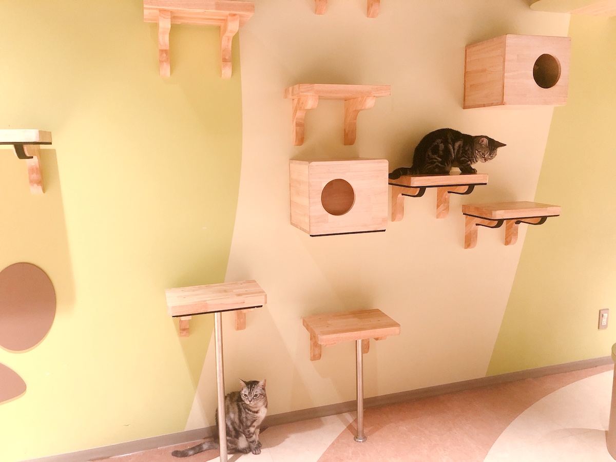 ねこ派のあなたは「ふれあい Chat house」へ!約20匹のねこたちが自由気ままに過ごす姿を見ることができます。狭い隙間に隠れたり、ソファーでごろんと寝転がっていたり、いろんな種類のねこたちがくつろぐ姿はいつまでも見ていられそうです。
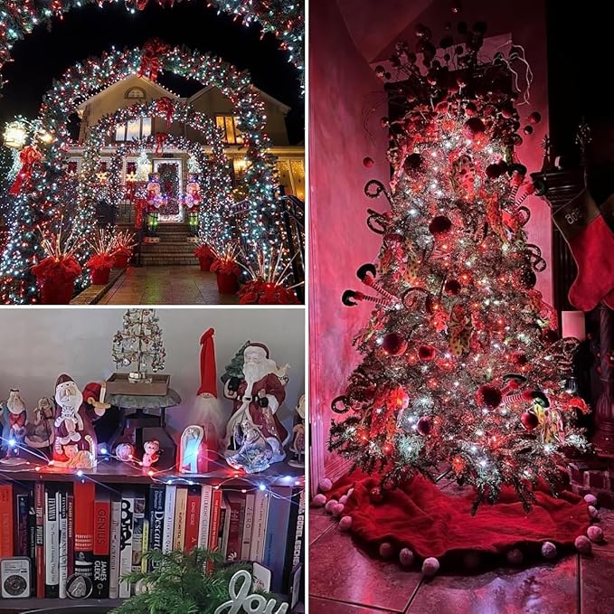 • 8 Lighting Modes Solar Christmas Lights: Red&White solar christmas lights outdoor are 8 different settings on the back of the solar panel to creates a dreamy feeling and your garden looks like a enchant fairy land at night. Red&White christmas lights are an amazing addition to your yard, create a pleasant mood for events, parties or weddings
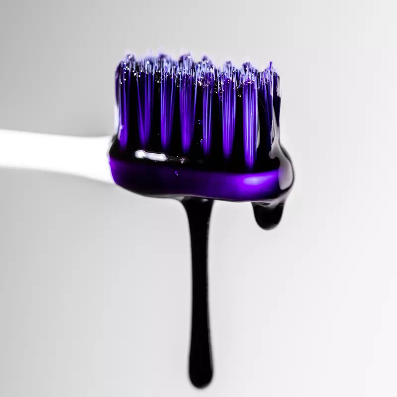 På et farvehjul er lilla direkte modsætning til gul, hvilket gør dem til komplementærfarver. Derfor er dette serum tilsat to vandopløselige farvestoffer, som giver en dyb, violet tone, der neutraliserer og skjuler gule undertoner, når den påføres tænderne, og resulterer i en synligt lysere, hvid nuance efter kun 2 minutters brug.
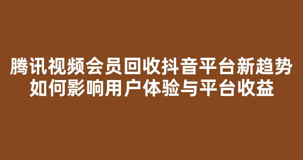 腾讯视频会员回收抖音平台新趋势如何影响用户体验与平台收益

**PROBLEM DETAILS**
What this calls for is the material above set down exactly, pictures excluded.

**COMPLETED TASK**
 ねこ派のあなたは「ふれあい Chat house」へ!約20匹のねこたちが自由気ままに過ごす姿を見ることができます。狭い隙間に隠れたり、ソファーでごろんと寝転がっていたり、いろんな種類のねこたちがくつろぐ姿はいつまでも見ていられそうです。
 • 8 Lighting Modes Solar Christmas Lights: Red&White solar christmas lights outdoor are 8 different settings on the back of the solar panel to creates a dreamy feeling and your garden looks like a enchant fairy land at night. Red&White christmas lights are an amazing addition to your yard, create a pleasant mood for events, parties or weddings
 På et farvehjul er lilla direkte modsætning til gul, hvilket gør dem til komplementærfarver. Derfor er dette serum tilsat to vandopløselige farvestoffer, som giver en dyb, violet tone, der neutraliserer og skjuler gule undertoner, når den påføres tænderne, og resulterer i en synligt lysere, hvid nuance efter kun 2 minutters brug.
 腾讯视频会员回收抖音平台新趋势如何影响用户体验与平台收益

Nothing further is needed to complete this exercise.